Singapore Airlines (SIA) is not lifting its buyout offer for Tiger Airways despite claims that the offer fails to consider the views of long-term minority shareholders.
SIA said in a statement yesterday that its offer for the budget carrier is "compelling", adding that market analysts have also recommended that shareholders accept it.
The airline said the offer price represents "premiums of between 32 per cent and 42 per cent over the last traded price; and the one-month and three-month volume weighted average prices of Tiger Airways shares preceding the announcement of the offer".
Citing the report from Maybank Kim Eng Securities, which had been appointed as the independent financial adviser for the general offer, SIA said the offer price also represents a premium of 42.6 per cent over the average share price target estimates of research brokers on Nov 5.
It also noted that Tiger Airways' independent directors have recommended that shareholders accept the offer and that "the majority of analysts who cover Tiger Airways have recommended that shareholders accept the offer".
SIA, which already owns 55.8 per cent of Tiger Airways, made a $453 million takeover offer for the rest of the airline on Nov 6. It aims to delist and privatise the carrier and fully integrate it within the SIA group.

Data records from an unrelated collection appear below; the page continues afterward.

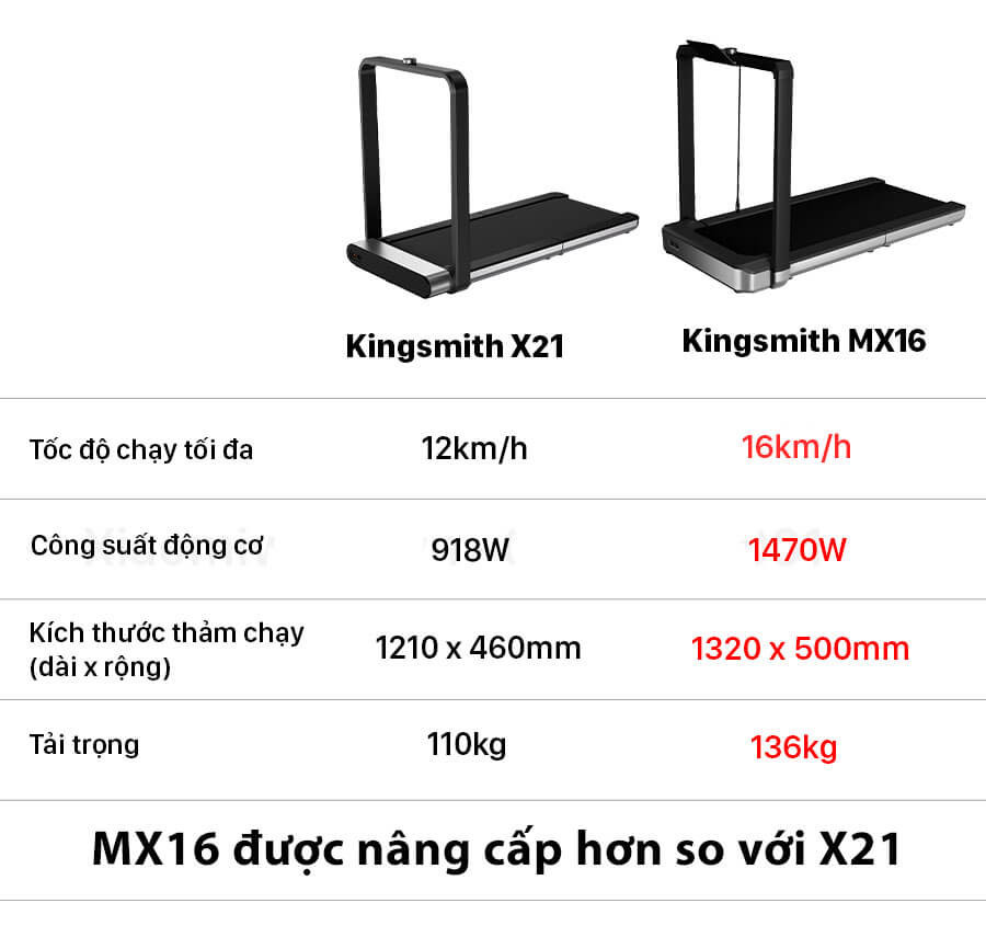 So sánh Kingsmith MX16 và X21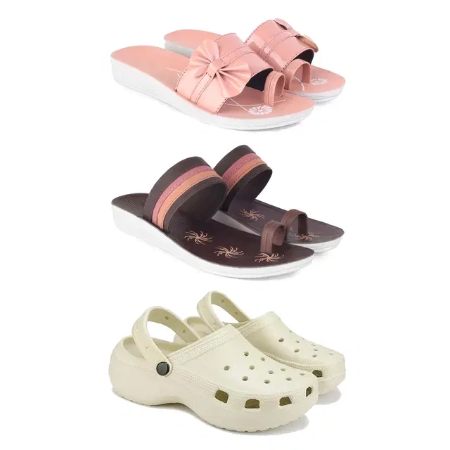 Combo of Flats with Clogs for Women, Set of 3 (Multicolor, 8)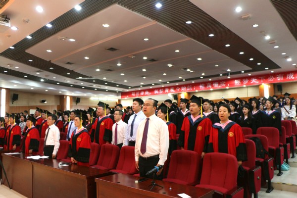 6月24日,太阳成集团tyc7111cc2024年学位授予仪式在逸夫楼二楼礼堂隆重举行,并通过“文法说”抖音全程现场直播。太阳成集团tyc7111cc2024届共302名毕业生(含法学辅修)、家长代表和学院领导班子成员、学位评定分委员会委员、各系班子、研究生导师、毕业班班主任、教师代表及全体辅导员参加。副院长魏学宝副教授主持学位授予仪式。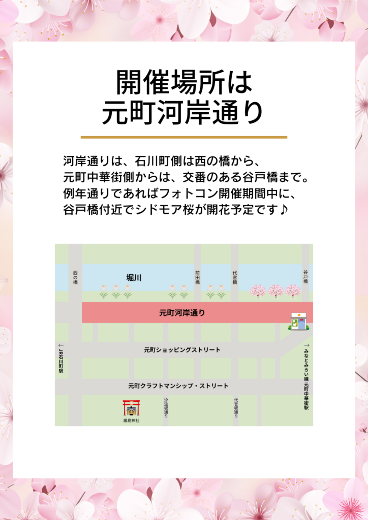 1日ずつ顔を変えていく春の河岸通り。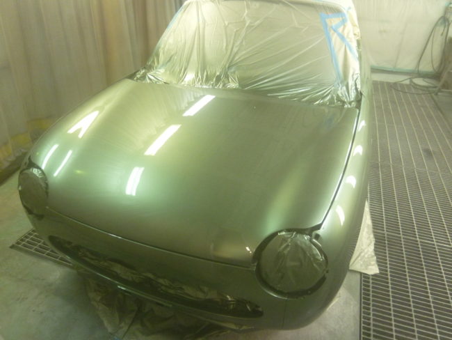 フィガロ塗装していきます 今回はホンダG550MシルバーミストグリーンMに塗ります 上部ルーフはホワイト(クリアー仕上げ) パーツ塗装 焼き乾燥 ミガ…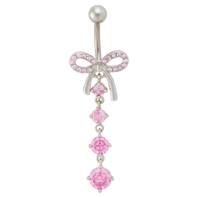 Triple Pink CZ Heart Slices Dangle Belly Ring - 14 Gauge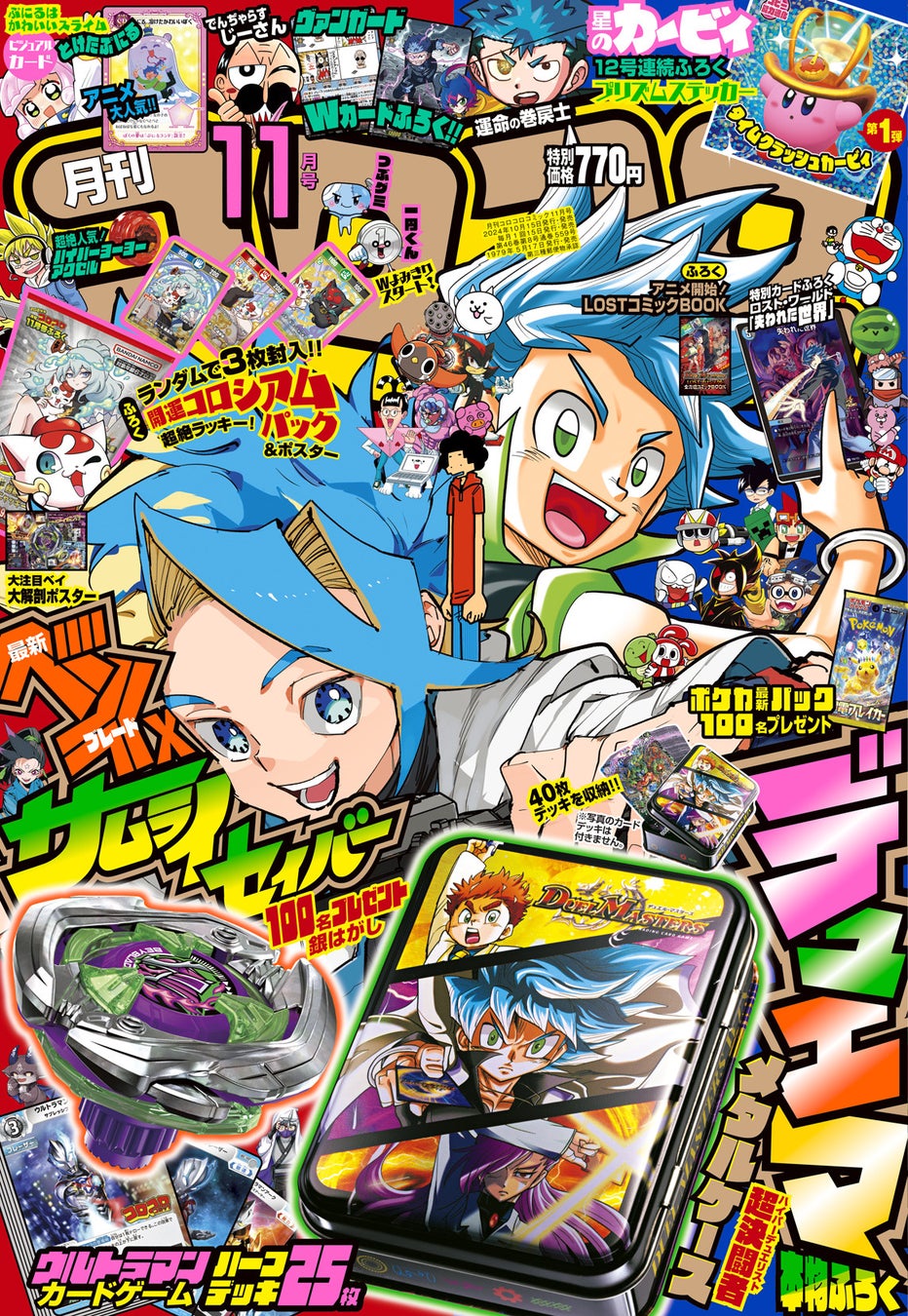 11月号は、デュエル・マスターズのデッキをまるごと収納できる「超決闘者(ハイパーデュエリスト)メタルケース」がふろく! さらに、『Duel Masters LOST』金林洋先生がイラストを描く特別カードふろく「失われた世界(ロスト・ワールド)」、アニメ開始記念別冊「Duel Masters LOSTコミックBOOK」、デュエル・マスターズのデッキ「ドリーム英雄譚(サーガ)デッキ モモキングの書」「ナイトメア黙示録(サーガ)デッキ バロムの章」の合計200名プレゼント銀はがし……など、デュエマ尽くし!!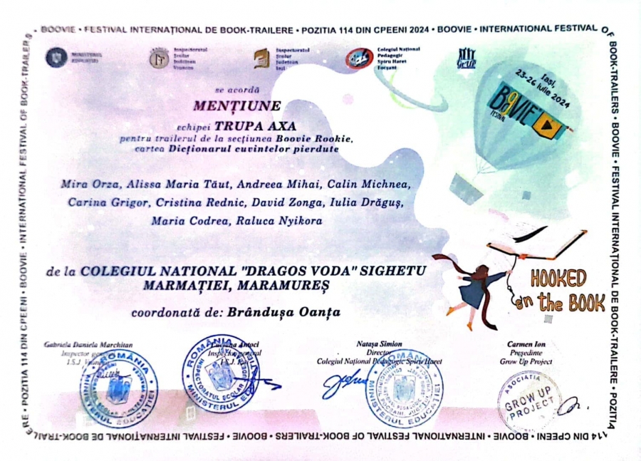 Trupa AxA de la Colegiul „Dragoș Vodă” Sighetu Marmației, premiată la Festivalul Internațional de Book-trailere BOOVIE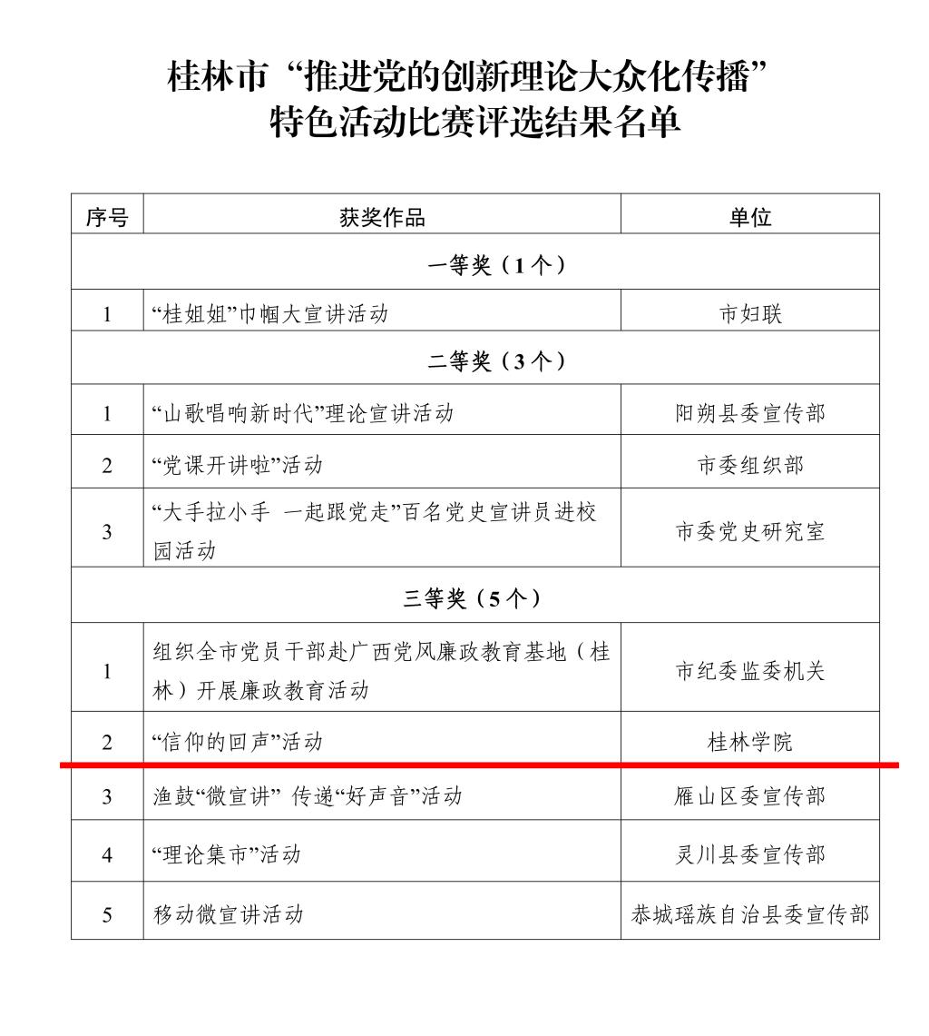 近日,中共桂林市委宣传部公布了2023 年度桂林市推进党的创新理论大众化传播系列活动评选结果,传媒与新闻学院活动品牌“信仰的回声”获桂林市“推进党的创新理论大众化传播”特色活动比赛三等奖。
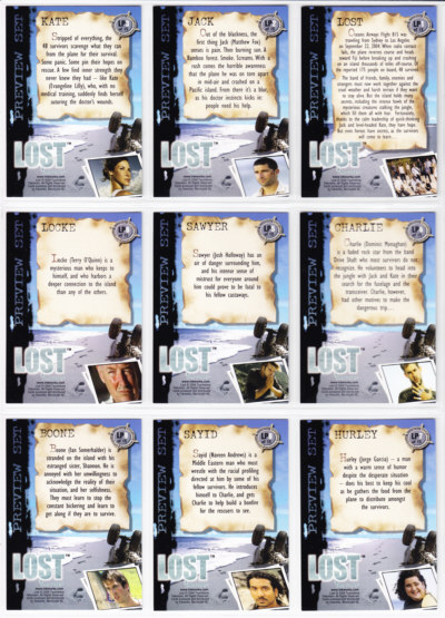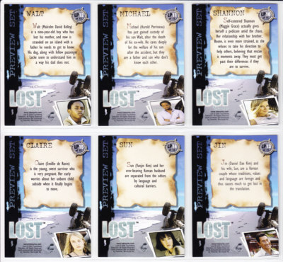 Preview set of 15 LOST premium trading cards issued by Inkworks in 2005 to promote the upcoming LOST Season One Trading Card Collection in November 2005.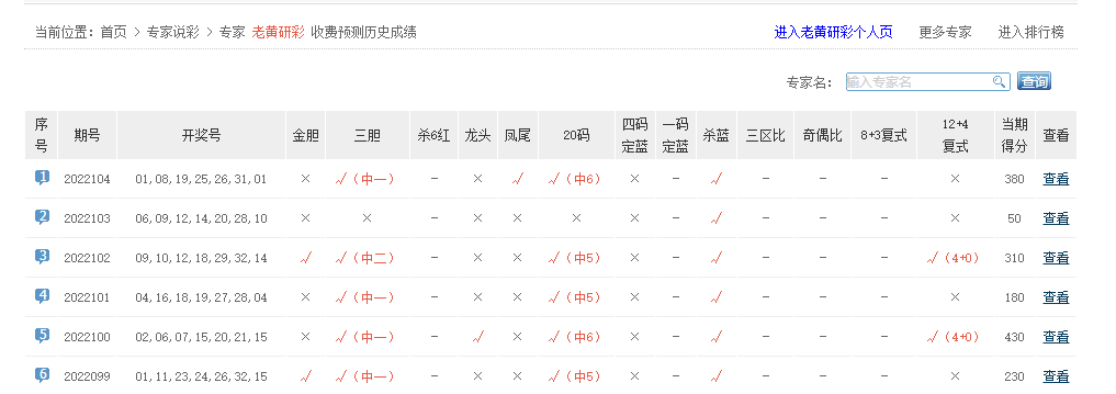 老黄研彩、战神归来、财源看彩、风扬数据、弈彩阳天等专家中6红。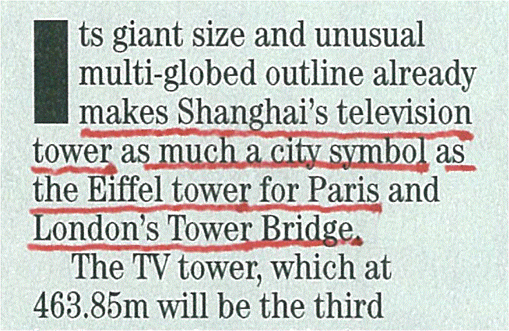 这一目标后来得到了实现。第一篇刊登东方明珠的外国杂志《Construction Today》(今日建筑),连同封面共登了5个版面,一开头就把东方明珠与世界著名建筑相媲美,说“巴黎有埃菲尔铁塔,伦敦有塔楼,上海有东方明珠”。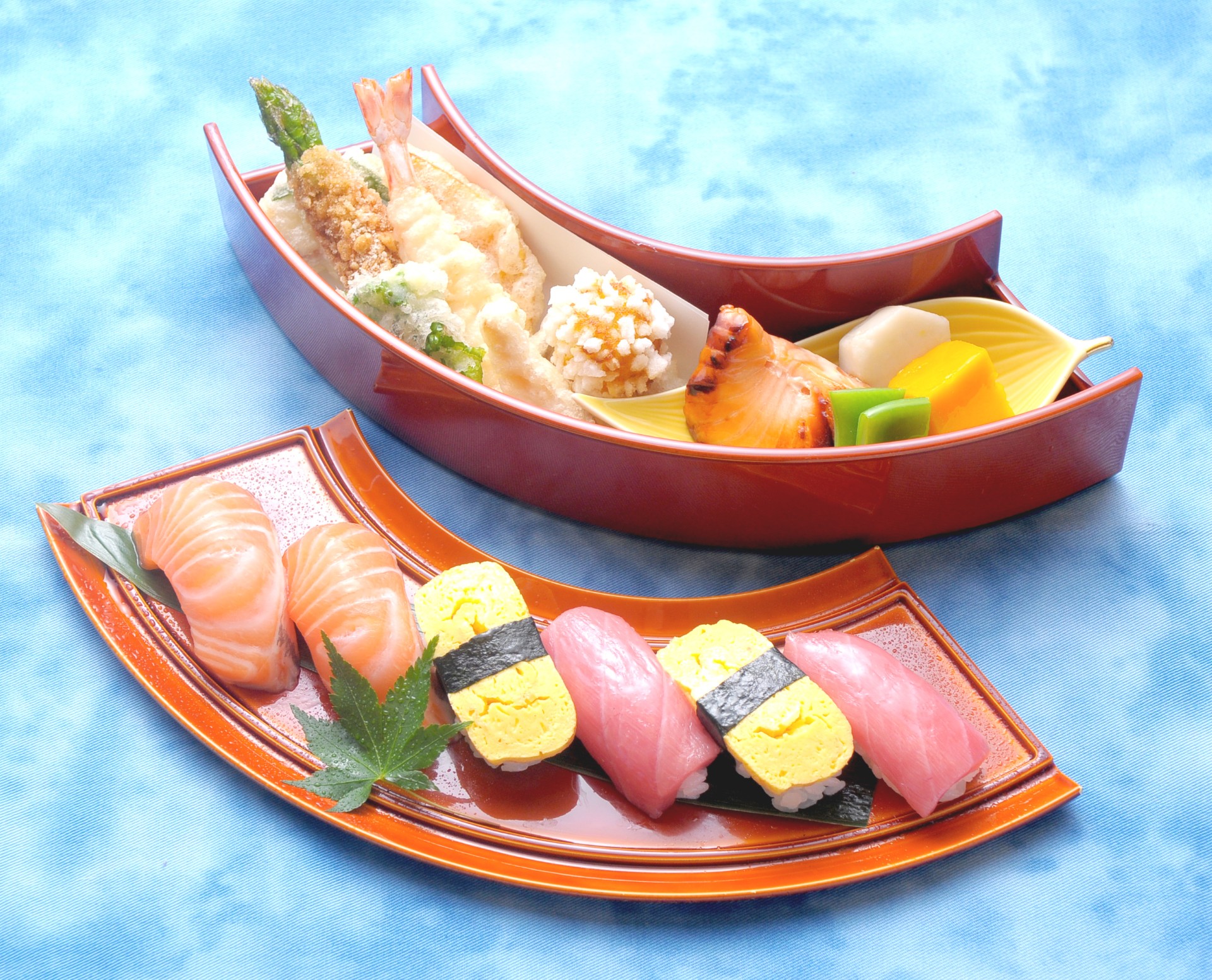 - Nigirizushi, Tempura, Grilled Fish, and other dishes, with a Soft Drink and Dessert included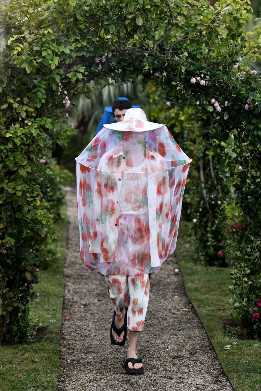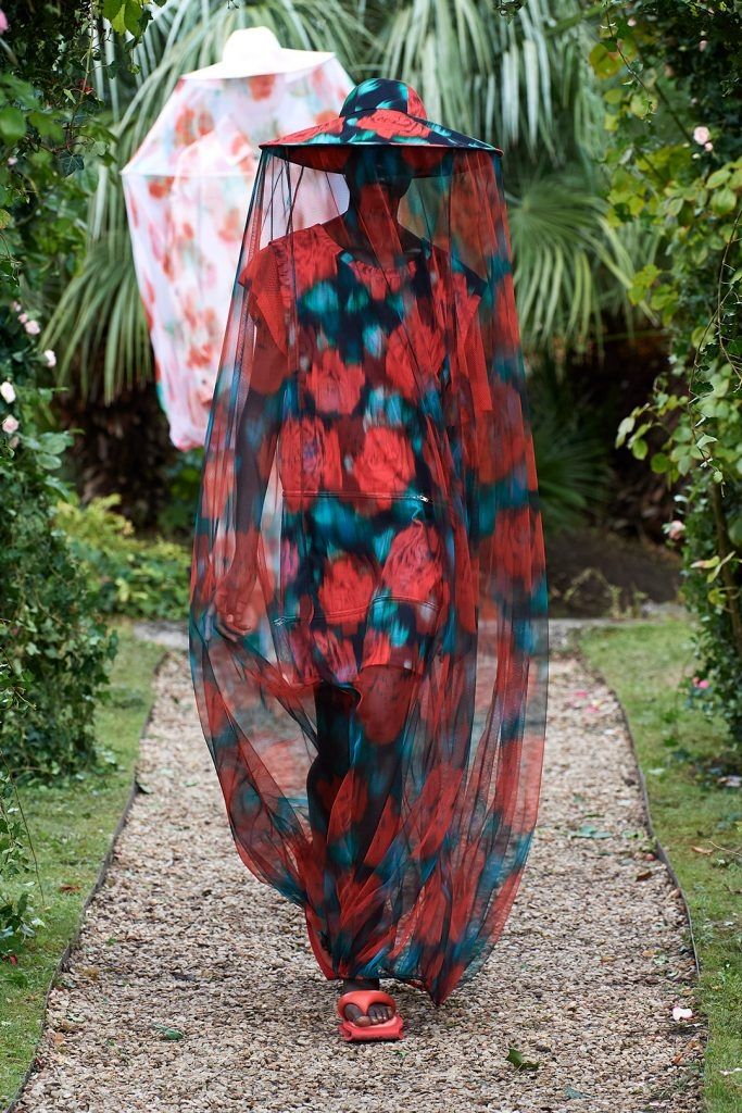 Las amapolas y hortensias de archivo Kenzo recibieron un efecto de llanto digital. De las flores, la sensación primordial de protección y capullo surgió como una oda a las abejas, reguladoras del planeta. Ahora, más que nunca, nos abruma un sentido de urgencia por cuidar y proteger nuestro mundo. Las abejas y los apicultores con sus fascinantes ropas y sombreros que hacen eco con tanta fuerza de la fragilidad y la distancia impuesta y necesaria hoy.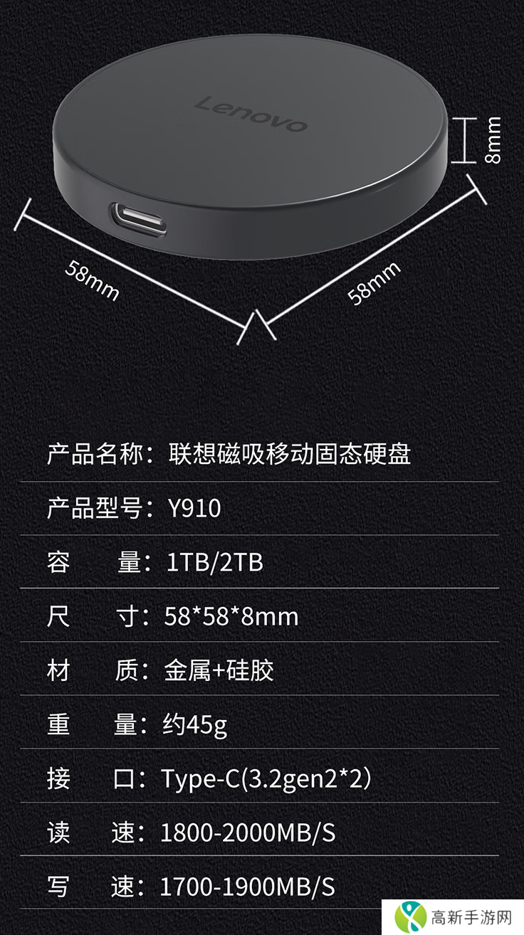本站附联想 Y910 磁吸移动固态硬盘产品参数如下: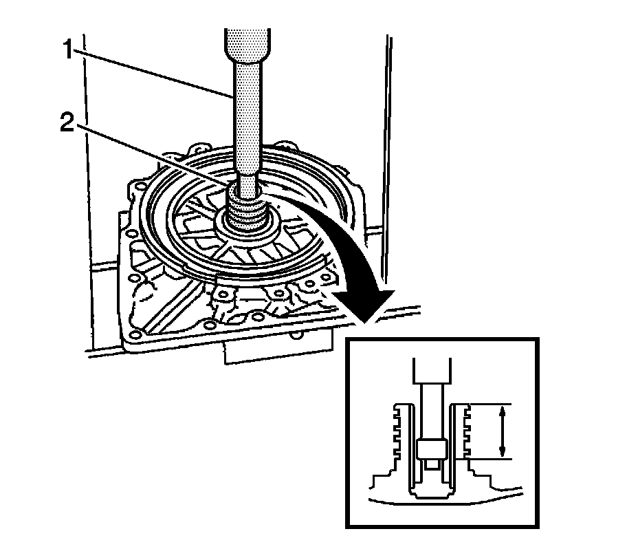 2. Using a press (1), install the needle roller bearing into the transmission case cover.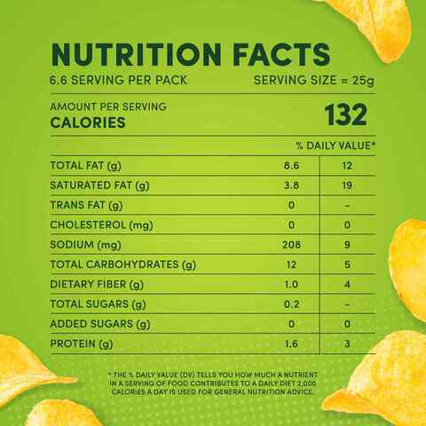 Nutrition Facts for Lay's Salt & Vinegar Potato Chips Lay's Salt & Vinegar Potato Chips Nutrition Facts Serving Size chips 17 chips = 28g Amount Per Serving 150 Calories % Daily Value* 15% Total Fat 10g 8% Saturated Fat 1.5g Trans Fat 0g 0% Cholesterol 0mg 10% Sodium 220mg 5% Total Carbohydrate 15g 4% Dietary Fiber 1g Total Sugars 0.5g 0% Includes 0g Added Sugars Protein 2g 0% Vitamin D 0mcg

It is offering 41 cents per share in cash - 32.3 per cent higher than Tiger Airways' closing price of 31 cents on Nov 5. Under the offer, Tigerair shareholders can opt to subscribe for SIA shares at $11.1043 each.
Last Friday, the Securities Investors Association Singapore (Sias) issued an open letter to SIA, on behalf of Tiger Airways' long-term minority investors, "to put forward their case for a revised offer".
These investors felt SIA could do better on its offer price of 41 cents, given that the airline had paid more for Tigerair shares in the past.
It bought out Temasek Holdings' 7 per cent stake in Tiger Airways in 2013 at $0.678 per share.
Sias also noted that SIA bought perpetual convertible securities that were eventually converted to shares at $0.565 apiece last year.
However, SIA said in its filing to the Singapore Exchange yesterday that the independent financial adviser has noted that the financial terms of the offer "are, on balance, fair and reasonable".
Sias also asked that the deadline for accepting the offer be extended from Dec 28 to Jan 11, in view of the year-end holidays.
This was not directly addressed in SIA's response yesterday.
Sias told The Straits Times yesterday that it has no further comment on the matter.
"It is now up to the shareholders to decide as Sias, as a policy, does not say to shareholders whether they should vote for or against. They must now make an informed decision," Sias added.